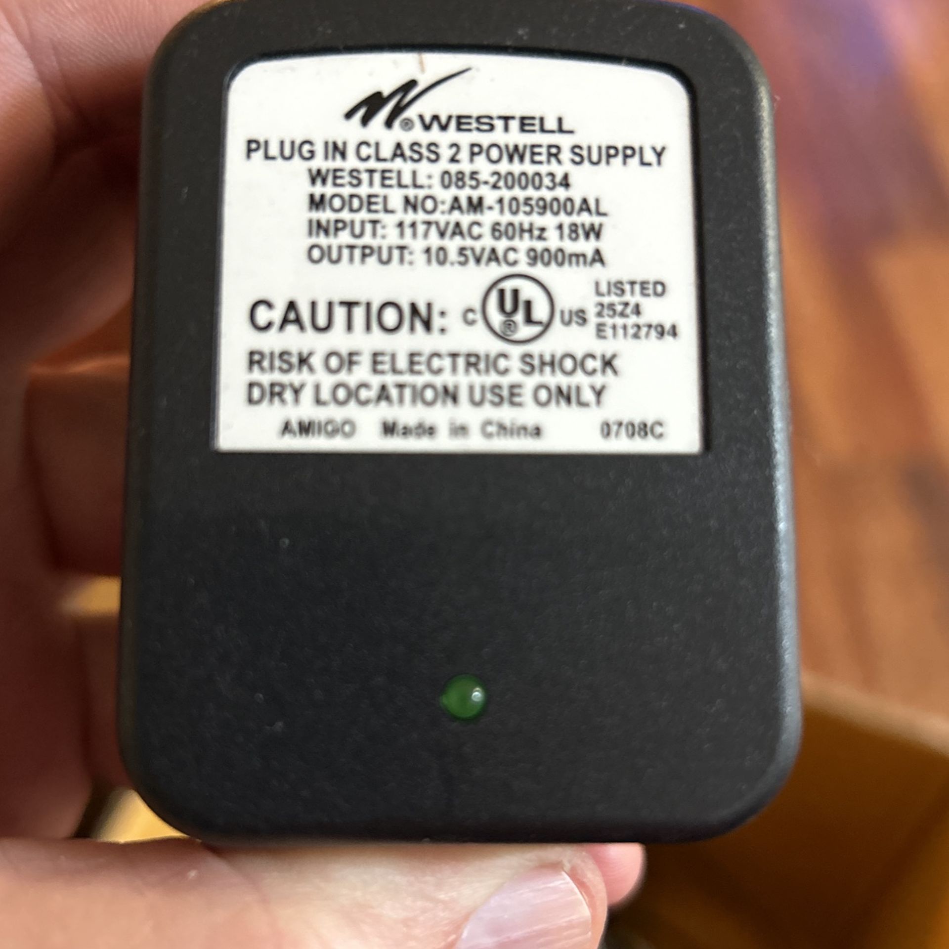 Input. 117vac 60 hz 18 w Output 10.5 vac 900 ma
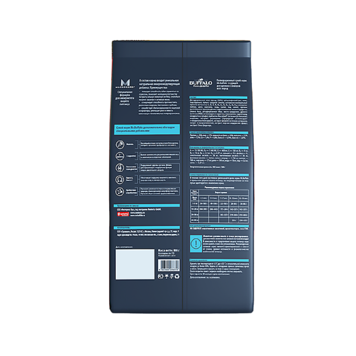 | Дополнительная информация | беречь от попадания прямых солнечных лучей и влаги; запрещается хранить на полу в сырых помещениях.; после вскрытия пакет с кормом необходимо плотно закрывать |
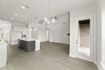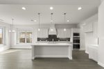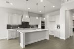 - Island kitchen with custom-built custom-painted cabinetry with 42″ upper cabinets, quartz tops, upgraded tile backsplash, undercounter lights, pot and pan drawers below cooktop, trash drawer pullout, 3 pendant lights, and walk-in pantry
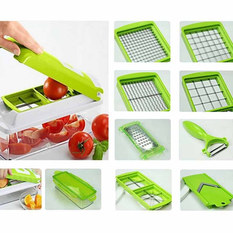 Ez egy többfunkciós eszköz, zöldségek és gyümölcsök szeletelésére, megkönnyíti a konyhai munkát. Az összes gyümölcsöt, zöldséget, főtt tojást vagy sajtot tökéletesen kockákra vagy csíkokra vágja, káposztát is szeletelhet. Reszelheti a sajtot közvetlenül a tartályba. A tartálynak köszönhetően ezentúl nem pazaroljuk el az ételt.
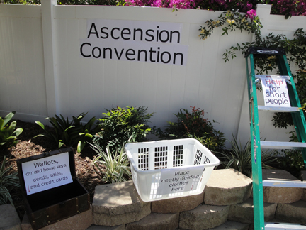 Placed around thoughtfully, was a laundry basket for putting neatly-folded clothes into, before the ascension, and a ladder to help short people. On the left there was a container for wallets and other important items. Below right, Debbie Pfeiffer begins moving her clothes to the laundry basket as her husband Don looks on skeptically.
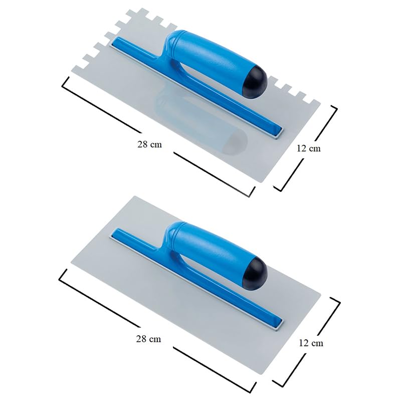 Kit 4 utensili per muratore con lame in acciaio: 1 cazzuola da 18 cm, 1 cazzuolino da 14 cm, 1 frattazzo per stucco e 1 frattazzo dentato per colla da 28x12cm
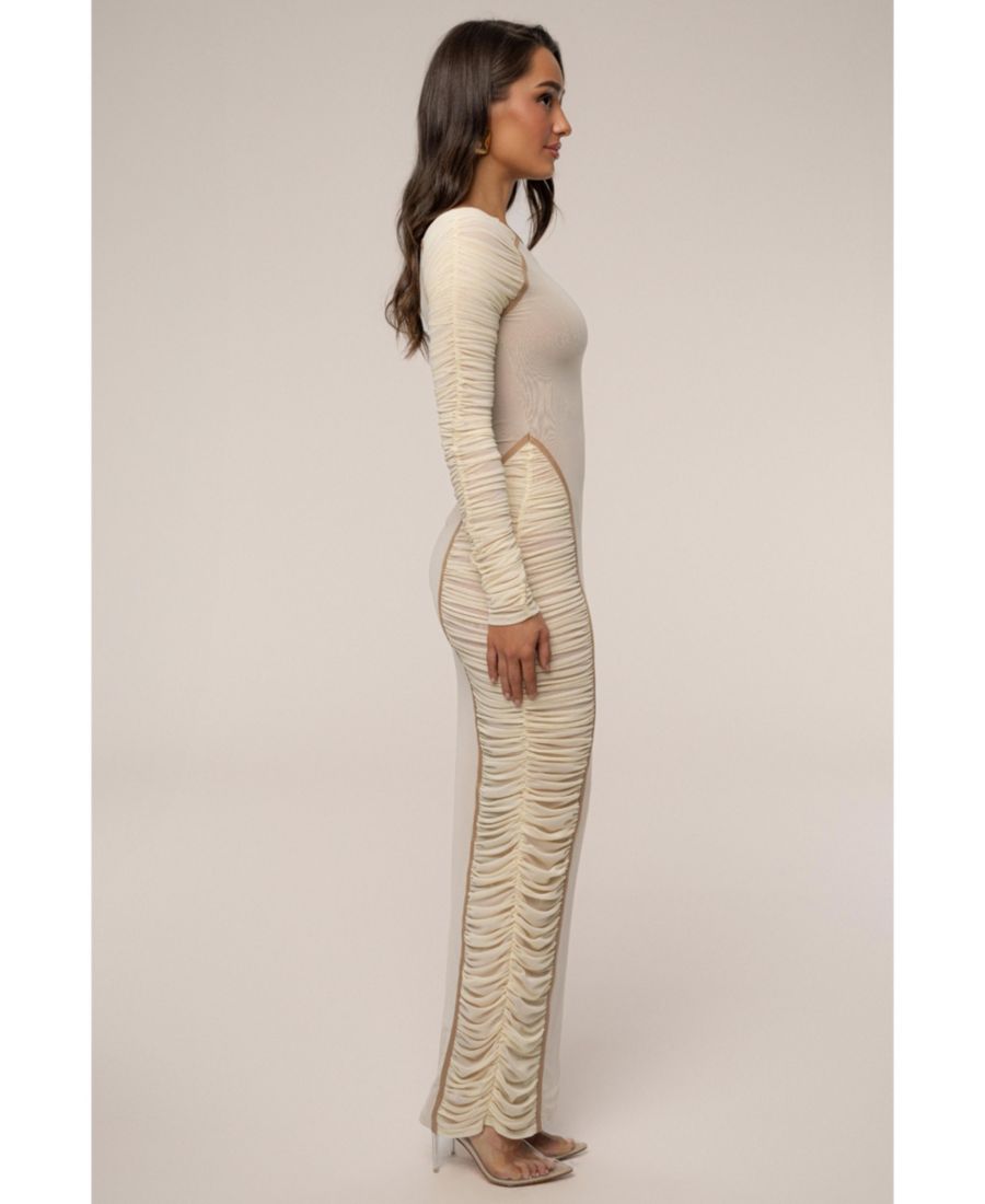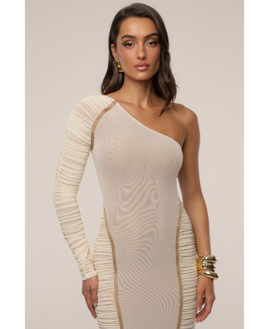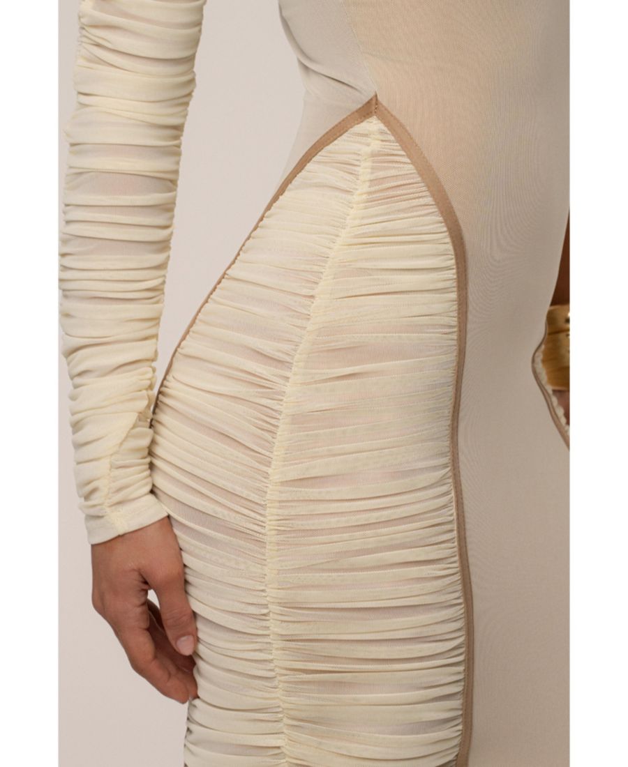 Превратите каждое появление в эффектное событие с нашим макси-платьем Rachel. Это прозрачное сетчатое макси-платье с силуэтом на одно плечо украшено сборками по всей поверхности, создающими привлекательный, облегающий силуэт. Контрастная отделка телесного цвета подчеркивает изгибы тела, добавляя смелый акцент, а разрез сзади обеспечивает свободу движений. Эластичный материал.
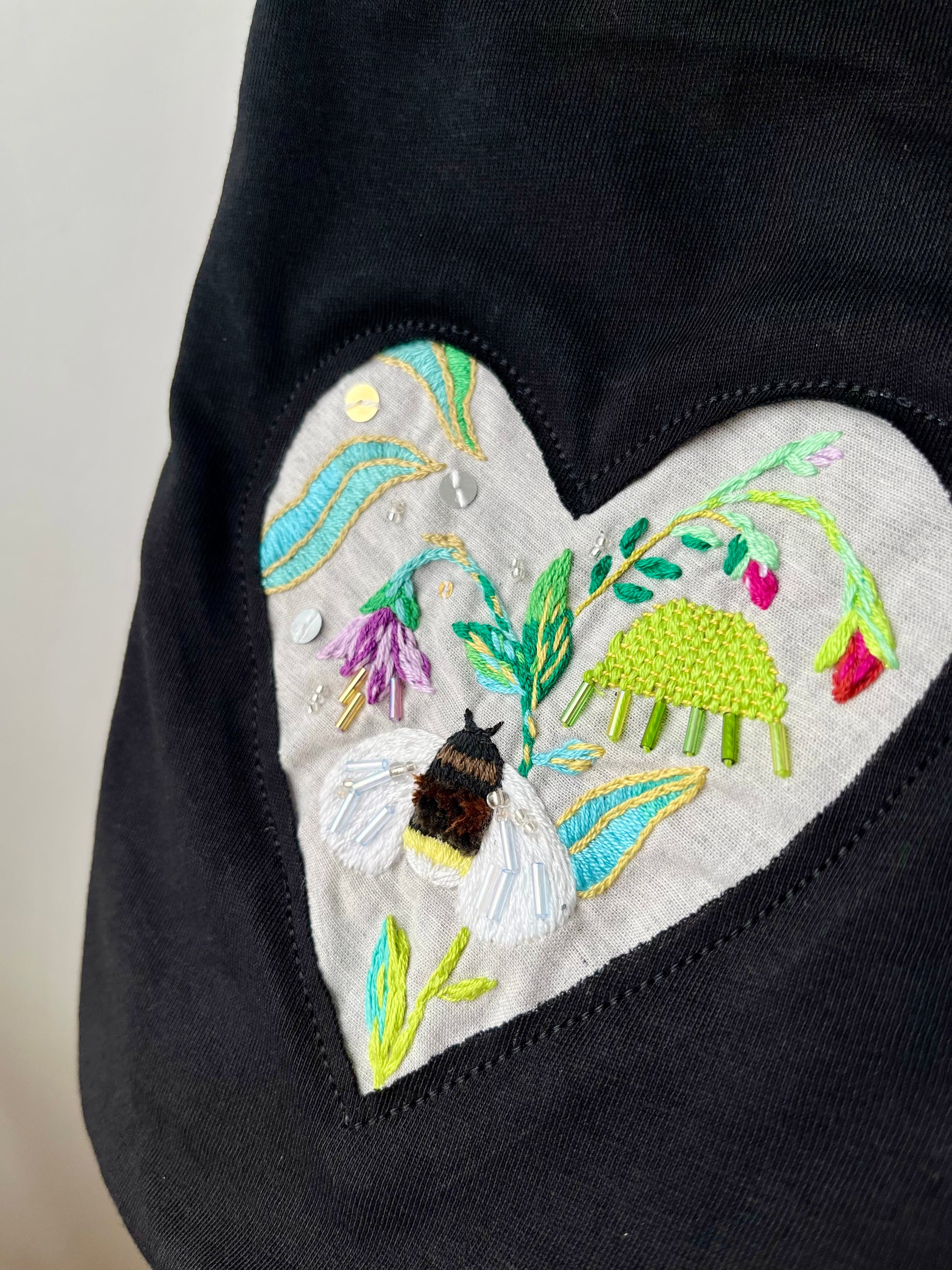 Handbesticktes T-Shirt – Gartenherz mit Hummel (Schwarz, XL)

** Aim of the task **
Transcribe the opening line of the listing above, please, and every line after it through the line with "- Island kitchen", word for word, without pictures.

** Solved problem **
 Input. 117vac 60 hz 18 w Output 10.5 vac 900 ma
 | Дополнительная информация | беречь от попадания прямых солнечных лучей и влаги; запрещается хранить на полу в сырых помещениях.; после вскрытия пакет с кормом необходимо плотно закрывать |
 - Island kitchen with custom-built custom-painted cabinetry with 42″ upper cabinets, quartz tops, upgraded tile backsplash, undercounter lights, pot and pan drawers below cooktop, trash drawer pullout, 3 pendant lights, and walk-in pantry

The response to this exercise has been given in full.